2 thoughts on “Ethics of Deadlines in Education

  1. It would be nice to phrase the signs in a more positive way – about how honourable it is/how good it feels to do your own work or something. I am sure there are some great quotes out there. Even better if it made students laugh, it might be even more memorable then!


    • Thank you, Penny, for your reply. I appreciate your words and I understand what you mean. The problem is the use of nuance is lost on students these days. In my piece on academic honesty, students believe if you do not approach a problem with a serious tone, then you must not be serious. By trying a humorous light-hearted approach an instructor risks undermining the seriousness of the message.

      One syllabus I have used has something to the effect of the following stated in the footer of each page: “The use of any gray matter other than what you were born with will result in a zero or failing grade.” This may seem bizarre but I’ve had to explain to several students the term “gray matter.” They had no idea what I meant.

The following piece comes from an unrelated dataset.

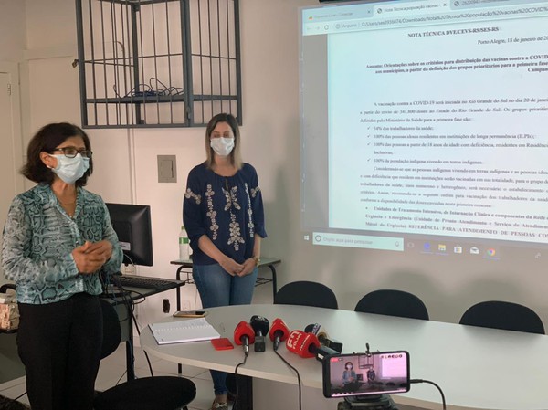 Coordenadora regional e coordenadora do setor de imunobiologicos da CRS participaram de coletiva com a imprensa

      However, one risks making a joke of important policies if the proper tone is not used. I have a bias, too, I must admit. I only find cheating a problem with my American students. I’ve known students from all ove the world. I have yet to have an international student cheat and have not heard of a case of an international student cheating from my peers. I don’t mean international students never cheat. A friend of mine sits on Academic Appeals. Every case is an American student complaining about an unjust grade, e.g. I didn’t plagiarise, I didn’t cheat, I didn’t know. Parents will often show and argue on behalf of their child, who is an adult, mind you. Some parents threaten to sue the instructor, the department, the school. I have yet to hear of a case of an international student threaten legal action over a grade.

      My sentiments are international students arrive from cultures which respect educators. Whether from Saudi Arabia, Japan, Senegal, or South Korea, an international student comes from a culture where education is held in very high regard, teachers are respected and have authority, and children respect their parents. And, most importantly, parents respect educators and the education systems.

      If my memory serves you have a lot of experience with the British educational system, which has been adopted and modified by many other societies. The US Higher Education system is pretty good, but slumping since our political leaders have elected to pursue Militarism rather than Education. Kindergarten through high school is another story. We are literally passing students who cannot read nor write. Parents must provide permission to have their illiterate child held back. And, parents won’t do that to prevent their child from being stygmatized. The US is more interested in making sure K-12 students “feel good about themselves” rather than making sure the kids actually are prepared for life after high school.